YOUR TASK: Set down only the lines from the one containing "enabled by default." through the final line of the entries below, exactly as they stand, with no pictures.

Data entries:
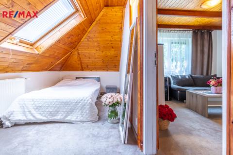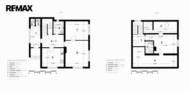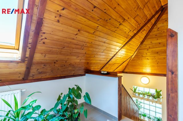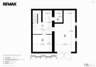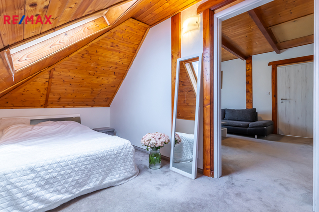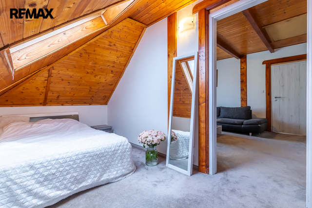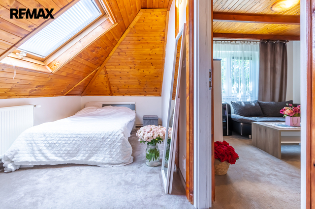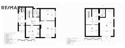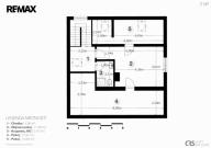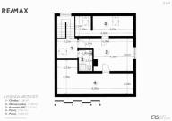 • 1. patro: obývací pokoj (17,26 m²) s navazujícím vstupem do dvou neprůchozích podkrovních pokojů (13,36 m² a 21,91 m²) a koupelna se sprchovým koutem a toaletou (3,47 m²).
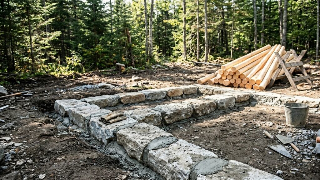 | Base | Pedras + cimento úmido | Suporte estável para as paredes de madeira |
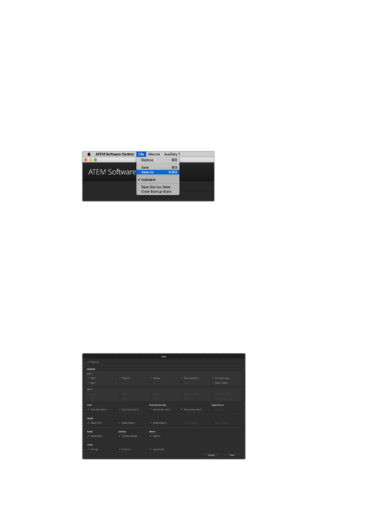 enabled by default. If you save with Select All enabled, ATEM Software Control saves
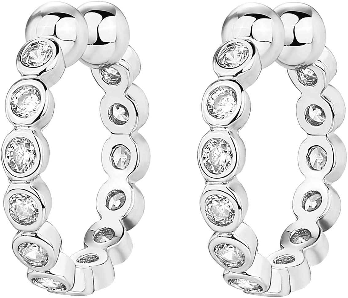 PAVOI 925 Sterling Silver 14K Gold Plated Cubic Zirconia Sparkling Round Huggie Ear Cuff Gold Earrings for Women | Clip On Cartilage(White Gold)
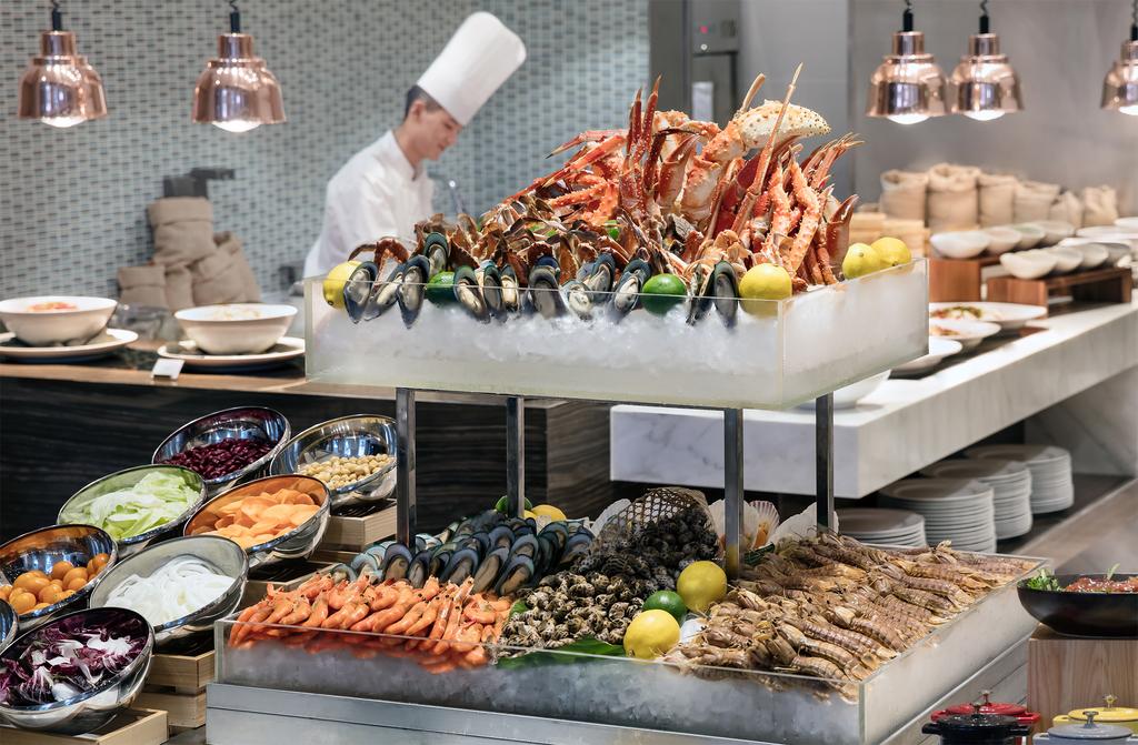 萬薈軒餐廳每天早晨供應自助早餐,并且提供全天餐飲。
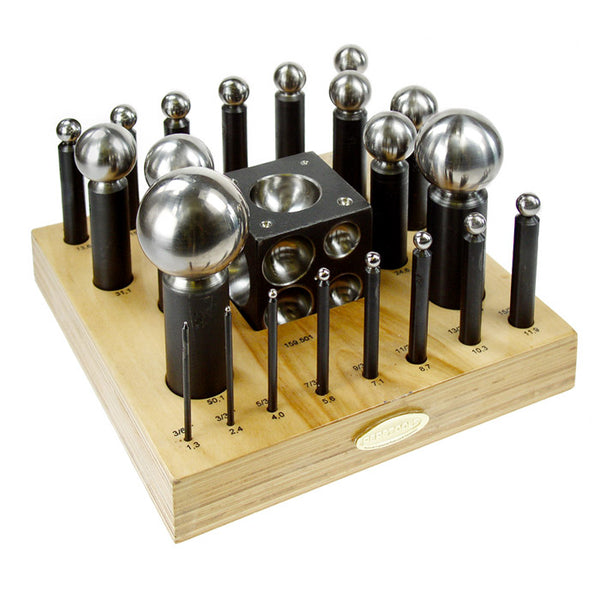 - 23 Piece Set Includes: 21 - Individual Matching Punches; 1 - Dapping Cube; 1- Wooden Base
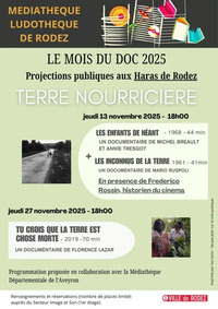 Jeudi 27 novembre, en collaboration avec la Médiathèque Départementale de l'Aveyron propose une projection sur le thème de la Terre Nourricière, conçue par Federico Rossin.
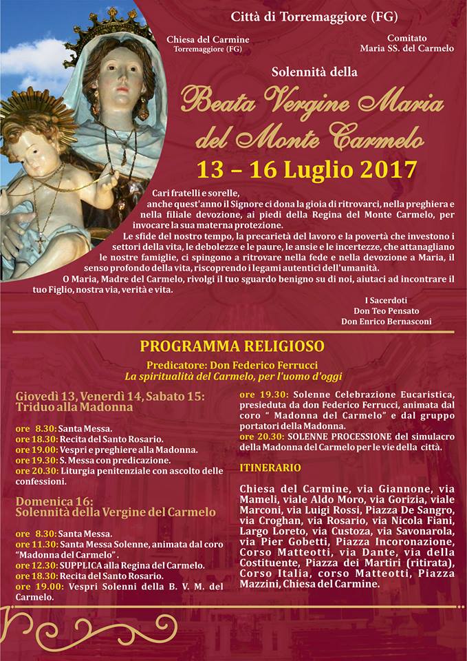 Programma Festa Beata Vergine Maria del Monte Carmelo 13 – 16 luglio 2017 a Torremaggiore

RESPONSE FOR THIS EXERCISE:
 enabled by default. If you save with Select All enabled, ATEM Software Control saves
 PAVOI 925 Sterling Silver 14K Gold Plated Cubic Zirconia Sparkling Round Huggie Ear Cuff Gold Earrings for Women | Clip On Cartilage(White Gold)
 萬薈軒餐廳每天早晨供應自助早餐,并且提供全天餐飲。
 - 23 Piece Set Includes: 21 - Individual Matching Punches; 1 - Dapping Cube; 1- Wooden Base
 Jeudi 27 novembre, en collaboration avec la Médiathèque Départementale de l'Aveyron propose une projection sur le thème de la Terre Nourricière, conçue par Federico Rossin.
 Programma Festa Beata Vergine Maria del Monte Carmelo 13 – 16 luglio 2017 a Torremaggiore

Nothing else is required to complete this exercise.